We recommend that the decision to conduct a pre-specified subgroup analysis in RCTs should be justified by prior data suggesting that a potential prognostic factor either promotes or inhibits the hypothesized mechanism of effect of the intervention. Confirmation that a potential prognostic factor indeed is associated with differential efficacy should be supported by a formal statistical test for interaction20.

Missing data prevention and handling

To minimize dropouts, investigators may discuss during the design phase the minimum follow-up duration that would be clinically meaningful without straining both study participants and personnel. Ways to minimize study dropouts include offering study participants the opportunity to complete visits in person or by phone, accommodating participant schedules, offering reimbursement for travel and/or parking, and modest incentive stipends for participation. It is also important to establish protocols to ensure that research staff exert the maximal effort permitted by the governing ethics body to obtain follow up data from participants. Clear protocols for research staff to follow in contacting study participants, such as the number of contact attempts, should be outlined at the beginning of the study21.

Detailed reasons for dropout should be recorded if a participant requests withdrawal. Reasons may include a participant’s assessment that he/she is too busy to continue participating, lack of efficacy, side effects (e.g., injury sustained during exercise), etc. This level of detail is especially important if reasons for dropout differ between treatment arms. Collecting detailed reasons for dropout will allow investigators to better understand the dropout mechanism and assess whether or not dropout is related to outcome22. Participants wishing to discontinue their assigned intervention should be offered the opportunity to continue study assessments, facilitating intention-to-treat inferences. Intention-to-treat implies that subjects are analyzed according to the arm randomized, irrespective of the actual treatment they received. The number of participants dropping out and reasons for dropout should be reported for each arm.

Missing data could lead to reduction of the sample size which in turn may affect statistical power of the study. Further, missing observations, if available, could have more extreme values that would, in turn affect the estimation of the variability of the effect and could artificially narrow the confidence interval for the treatment effect.

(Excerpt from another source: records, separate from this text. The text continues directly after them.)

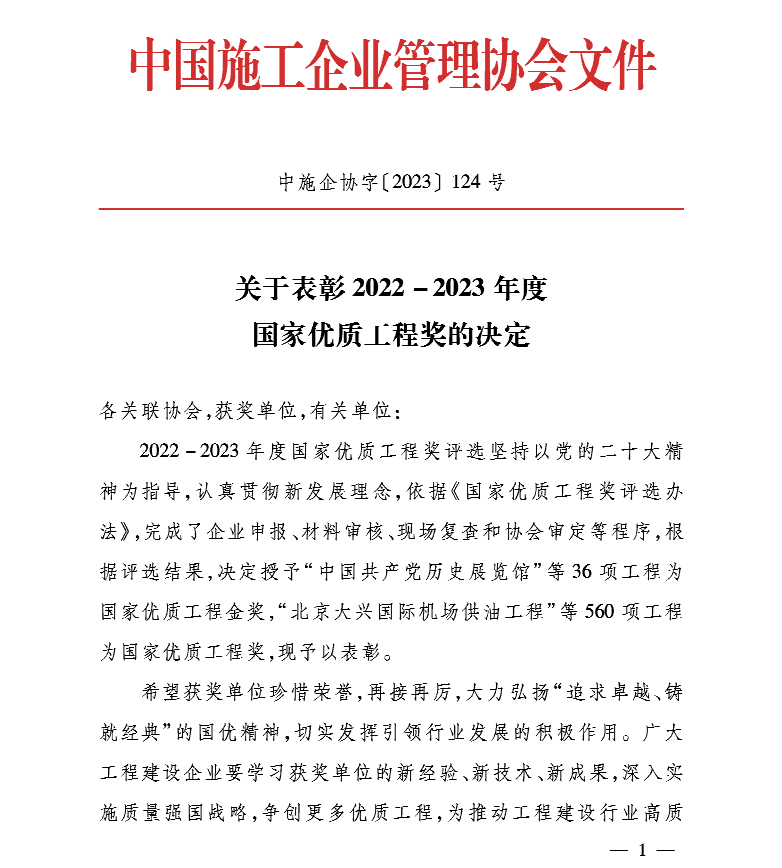 国家优质工程奖设立于1981年,是经国务院确认的我国工程建设领域设立最早,规格最高,跨行业、跨专业的国家级质量奖。
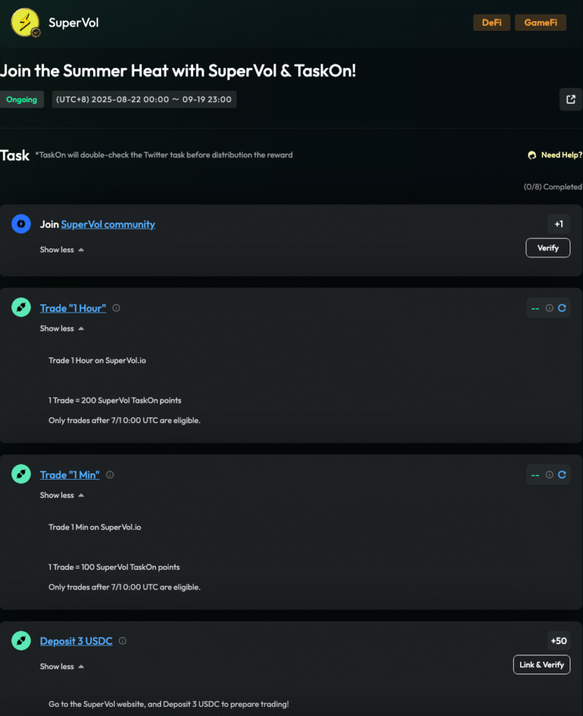 As a gamified crypto options trading platform, SuperVol implemented a point reward mechanism on TaskOn based on the number of trades, quantifying user contributions and incentivizing frequent trading behavior through point redemption, significantly boosting user activity.
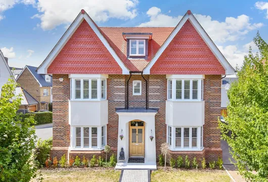 With its chimneystack, differing roof lines, leaded light windows and covered porch, the house has charming external appeal. While internally this light and airy house has panelled doors, coved ceilings and fireplace to enhance the delightful character. The kitchen/breakfast room, dining room and sitting room also have patio doors leading to the rear terrace, providing wonderful views across the garden and beyond as far as the London skyline.
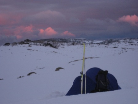 | After skiing down from the summit I pitched my tent as the sky lit up in the setting sun. | ||

While last observation carried forward (LOCF) and complete case (CC) analytic approaches are frequently used in the analysis of RCTs, both require strong, and often unrealistic, assumptions about the missing data mechanism. In particular, both methods require that the missing data be missing completely at random (MCAR) -- that is, that the missing data are completely independent of observed or unobserved measurements (dependent or independent variables). This implies that that study completers are a random sample of the original study cohort. The less restrictive missing at random (MAR) assumption is often more reasonable. MAR assumes that dropout may depend on observed outcomes or covariates, but does not depend on unobserved data. For example, in a study of physical function in patients with knee OA, older participants may be more likely to miss follow-up visits. Older patients may also have more functional limitations. Thus, simply examining observed function could lead to a biased estimate – observed function would be an overestimate of physical function in the cohort, since older patients, with lower function, are more likely to be missing. However, if given a participant’s age, missingness is independent of function, the data are said to be missing at random. That is, the missingness depends on observed data (age) but not the missing data (function).

Under the MAR assumption, likelihood-based approaches such as mixed-effects models will produce valid inferences. Multiple imputation (MI) is another strategy that is valid under MAR. In this case, a range of plausible values is imputed for the missing outcomes using a prediction equation. This equation can incorporate ancillary information about missing data, including observed outcomes up until time of dropout, and reason for dropout. One of the reasons MI is superior compared to simple imputation methods, such as Last Observation Carried Forward, is that LOCF leads to underestimated variance and inflated statistical significance.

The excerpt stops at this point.